Shell est responsable de fuites de pétrole qui ont pollué des villages du delta du Niger en 2005, a soutenu jeudi aux Pays-Bas la défense de fermiers et pêcheurs nigérians dans une affaire qui pourrait établir un précédent mondial en matière de responsabilité environnementale.
Soutenant les quatre plaignants nigérians, qui ont assigné Shell à La Haye, où son siège est installé, à plusieurs milliers de kilomètres de leurs villages, une ONG environnementale espère en effet qu’un jugement favorable puisse faire jurisprudence aux Pays-Bas et servir d’exemple dans d’autres pays.
« Shell savait que l’oléoduc était abîmé depuis longtemps mais n’a rien fait : il aurait pu empêcher les fuites », a déclaré l’avocate Channa Samkalden lors de sa plaidoirie devant le tribunal de La Haye, assurant que Shell avait ainsi « violé ses obligations légales ».

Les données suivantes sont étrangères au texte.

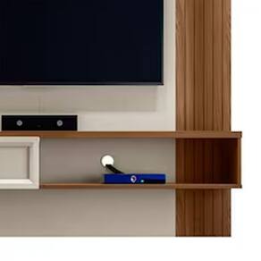 FICHA TÉCNICA DETALHADA: Produto: Painel Home Modelo: Pitanga Marca: Não especificada Material da Estrutura: MDF e MDP Acabamento: Finish Foil e Pintura UV Portas: 1 basculante Espaço para TV: Até 60 polegadas Dimensões máximas da TV (L x A): 120 cm x 102 cm Peso Suportado no Painel: Até 40 kg Prateleiras: 2 prateleiras com capacidade para 5 kg cada Espelho: Sim (48 cm de altura x 18 cm de largura) Vidro: Sim (não temperado) Tipo de Ripado: Ripas de madeira em alto relevo Espaço Passa Fios: Sim Fixação na Parede: Necessária Montagem: Média complexidade (parafusos, cavilhas e Minifix) Garantia: 3 meses

Dans un procès au civil débuté en 2008, le pétrolier doit répondre de pollution pétrolière dans le delta du Niger suite aux fuites d’un oléoduc au Nigeria. Responsable de 9.000 kilomètres d’oléoducs, selon Mme Samkalden, Shell n’a pas nettoyé les dégâts qu’il a provoqué.
« Je suis ici à cause de la fuite de pétrole qui a eu lieu dans ma communauté à cause des installations de Shell et qui a détruit mes 47 étangs de pêche », a déclaré à l’AFP l’un des plaignants, Friday Alfred Akpan, du village de Ikot Ada Udo, avant l’audience.
Les Nigérians veulent que Shell soit tenu responsable de la fuite de pétrole qui a détruit leurs terres et leurs étangs. Ils exigent que le géant pétrolier nettoie les dégâts dans leurs trois villages, s’engage à surveiller et mettre à jour son matériel défectueux, et leur paye des indemnités. Les juges ont indiqué espérer rendre un jugement pour le 30 janvier 2013.
« Les fuites entre 2004 et 2007 sont la conséquence de vols illégaux et de sabotages », a pour sa part assuré à l’AFP Allard Castelein, vice-président du département Environnement de Shell : « ce n’était pas notre faute, mais nous avons quand même tout nettoyé ».
D’importantes conséquences internationales ?
« Si les juges néerlandais estiment que Shell est responsable de pollution au pétrole au Nigeria, cela pourrait mener à d’autres procédures internationales », assure la branche néerlandaise des Amis de la Terre, qui soutient les quatre Nigérians, dans un communiqué.
C’est la première fois qu’une société néerlandaise est assignée en justice aux Pays-Bas pour des faits à l’étranger et pour lesquels les victimes ne sont pas des Néerlandais.
De nombreuses ONG environnementales accusent les grands groupes pétroliers d’appliquer des normes environnementales beaucoup plus laxistes à l’étranger que dans leur pays d’origine.
« Nous appliquons déjà les mêmes standards au Nigeria qu’en Europe, nous ne sommes pas effrayés par un jugement qui nous obligerait à le faire », a pourtant soutenu Allard Castelein à l’AFP.
Selon les Amis de la Terre, la pollution au Nigeria est deux fois plus importante que les 5 millions de barils qui avaient été déversés dans le Golfe du Mexique en 2010 suite à la fuite causée par l’explosion de la plate-forme Deepwater Horizon du britannique BP. Shell conteste ce chiffre et assure que la pollution au Nigeria est bien moindre.
Huitième exportateur de pétrole au monde et premier producteur d’Afrique subsaharienne avec plus de 2 millions de barils par jour, le Nigeria est le théâtre depuis 50 ans d’une exploitation pétrolière extrêmement polluante.
« Les Amis de la Terre pensent que ce procès va apporter une solution à ce problème mais ce n’est pas le cas », a en outre déclaré aux juges l’avocat de Shell, Jan de Bie Leuveling Tjeenk, assurant que Shell fait tout le nécessaire pour prévenir des fuites.
Si les Nigérians devaient l’emporter aux Pays-Bas, « ce serait une étape importante pour que les
multinationales soient tenues plus facilement responsables des dégâts qu’elles provoquent dans des pays en voie de développement », assure à l’AFP Jonathan Verschuuren, professeur de droit environnemental à l’université de Tilburg.
« Jusqu’à présent, cela a été très difficile parce qu’entamer une procédure dans les pays en voie de développement est difficile », ajoute M. Verschuuren : « la législation est souvent mal construite et son application est maladroite ».